Cisco Nexus 9000 Series Switches for AI Clusters White Paper

Performance validation insights

Cisco has built multiple AI clusters for use cases such as model training, fine tuning, and inferencing in its own data centers. The value Cisco derives from these AI clusters is reflected in its following products and use cases:

● Cisco^® Webex^® for improved audio (noise cancellation and bandwidth prediction) and video (background replacement and gesture recognition).

● Cisco security offerings for AI-driven service analysis and predictions.

● Order-collection optimizations, payment predictions, and fraud analysis.

● Observability to bring accuracy in IT infrastructure changes, to avoid business-impacting incidents.

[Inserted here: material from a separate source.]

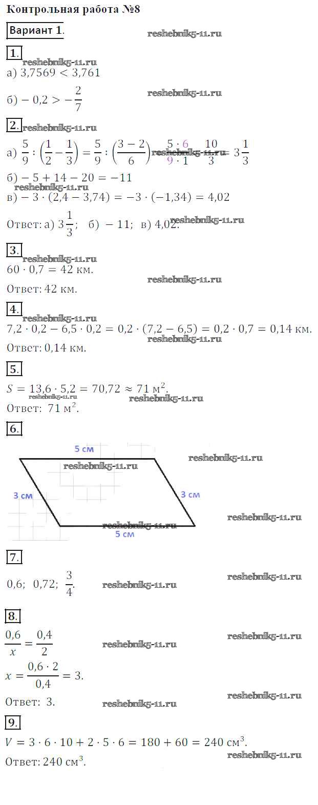 Готовая домашняя работа с ответами по Математике за 6 класс Кузнецова, Минаева, Рослова, Суворова Контрольные работы Просвещение 2017 ФГОС - КР-8. Варианты 1

As of early 2025, Cisco’s AI clusters are powered by NVIDIA H100 and H200 DGX systems. Ethernet networks, built using Cisco Nexus^® 9000 Series switches, connect the GPUs in different DGX nodes. Cisco Nexus Dashboard is the platform of choice for network configuration, monitoring, and operations.

This document summarizes network design and validation of Cisco’s on-premises AI clusters. Based on this validation, your organization can deploy Cisco Nexus 9000 Series switches confidently for building Ethernet-based AI networks, thereby eliminating risk, accelerating time to production, and increasing return on investments in AI clusters.

“AI workloads, including model training and retraining, require extensive data processing, making the network a vital part of AI infrastructure. It connects high-performance computing systems and GPUs, necessitating high performance and reliability to handle the substantial bandwidth demands. Cisco Nexus 9000 Series switches and Nexus Dashboard have been utilized to efficiently manage these capabilities, ensuring optimal performance.

The Nexus 9000 switches offer a high-performance and low-latency Ethernet fabric optimized for inter-GPU networks, essential for AI workloads. Establishing this infrastructure in an on-premises data center provides the necessary advantages to meet requirements. Nexus Dashboard facilitates the build, deploy, and management of AI network infrastructure, offering observability insights to support teams.”

Ram Ramkumar

Director, Technical Systems Engineering,

Cisco IT NEO – Data Center Network Services

AI-cluster network design

An AI cluster typically has multiple networks—an inter-GPU backend network, a frontend network, a storage network, and an Out-Of-Band (OOB) management network.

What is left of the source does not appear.